— Перед вами Артур Бейтс, — представил говорливого типа Бомонт, неопределенно взмахивая рукой. — Рад, что это ты, Бейтс. Ты же нас не сдашь. Клингхаймер может убираться к дьяволу, и Пиви с ним.
— Это верно. Только за твою поимку объявили награду, Заундс, так что каждый пацан на улице глядит в оба. Лондонский мост опасен, Куин-стрит и Блэкфрайарз тоже. Шедвелл знает, что девочка из Айлсфорда, и они следят за дорогами на восток.

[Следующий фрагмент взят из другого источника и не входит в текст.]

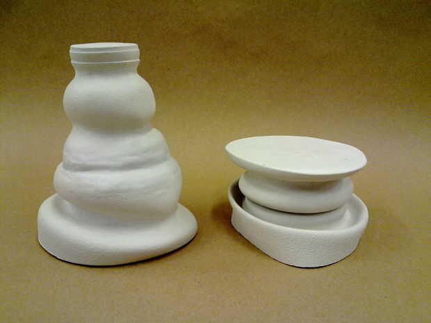 Elegir 2 formas que te gusta y conecta entre sí. Perfore un agujero en cada objeto. Coloque una barra de metal para la fuerza. Conectar los objetos y los bordes se llenan de yeso.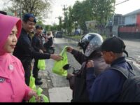 Personel Batalyon D Pelopor Bersama Bhayangkari Bagikan Takjil kepada Masyarakat di Cikarang Pusat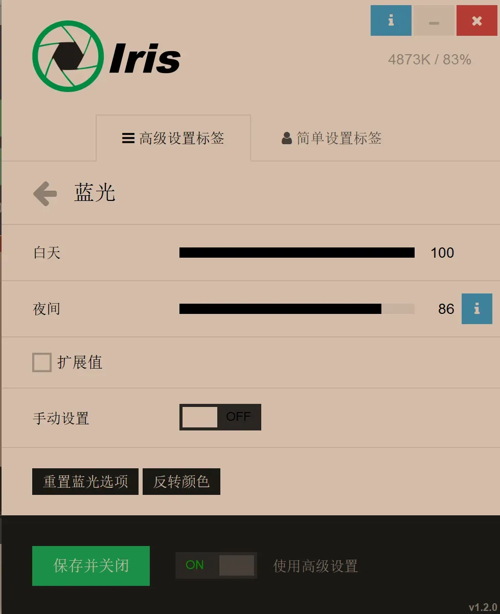 Iris不一样,它是真的一款可以直接干预蓝光辐射量的软件。它是直接减少蓝光辐射量,从而减少辐射对眼睛的伤害。
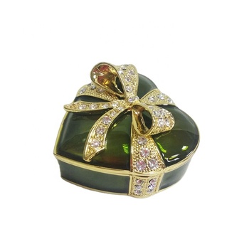 Piccolo cuore-a forma di scatola di gioielli con diamanti in oro placcato con resina epossidica verde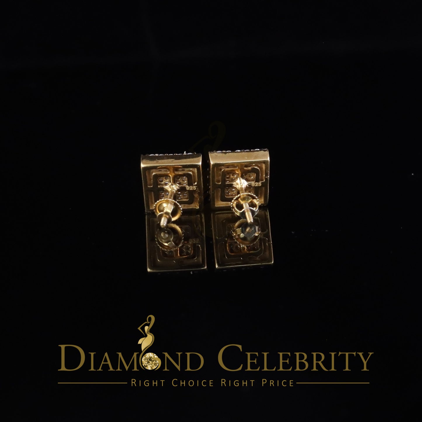 DiamondCelebritees 925 Yellow Silver 1.00ct VVS 'D' Moissanite Square Stud Earring Men's/Womens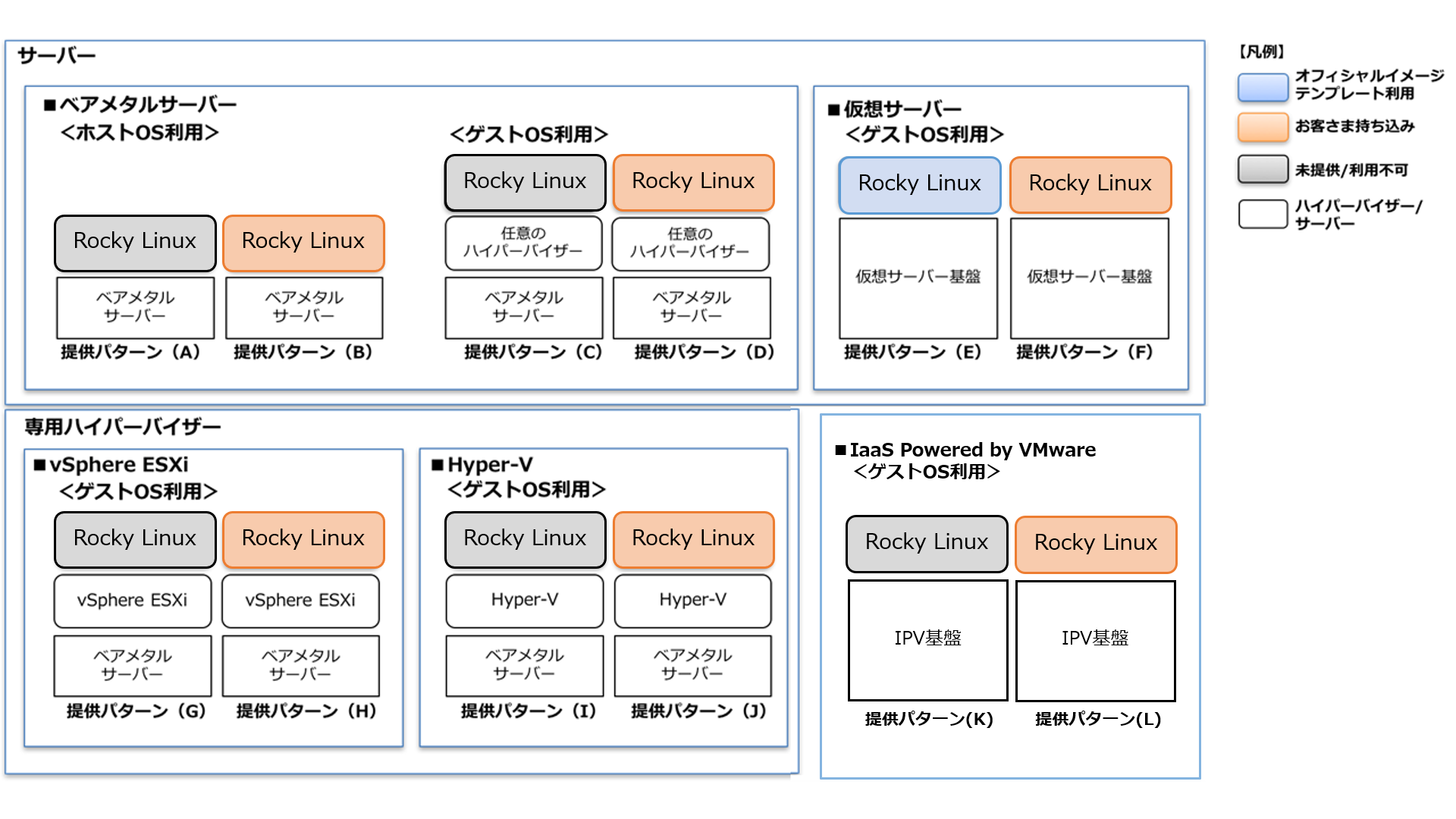 Rocky Linuxをご利用される場合の詳細な利用形態は下記の通りです。

— А что с домом, у которого они роют? — спросил Бомонт. — Возле Темпла. Ты же, наверное, знаешь, хотя от меня это скрывали.
— Ничего. А что такое?
— Может, там следят, я имею в виду.
— Насколько знаю, нет. Но я там не был, Заундс, давно. А чего им следить-то за этой дырой?
— Важно не то, почему они следят, Бейтс; важно, следят ли.
— Ну, скорее «не следят», как я думаю. Мне пора идти. Я на тебя не наведу, Заундс, но шапка твоя… — Бейтс покачал головой.
— Он совершенно прав, — вклинилась в беседу мисс Бракен. — Эта подозрительная шапка не придает вашим чертам привлекательности, Бомонт. Совсем нет. Вы не тот человек, на которого неприятно смотреть, когда на его голове нет этого яйца.
Карлик, моргая, глядел на миниатюрную женщину, видимо, не зная, что ответить.
— А вы, мистер Бейтс, — обратилась мисс Бракен к собравшемуся уходить мужчине, — почему вы не оставите это жуткое место? Вы ему не подходите, вы же хороший человек.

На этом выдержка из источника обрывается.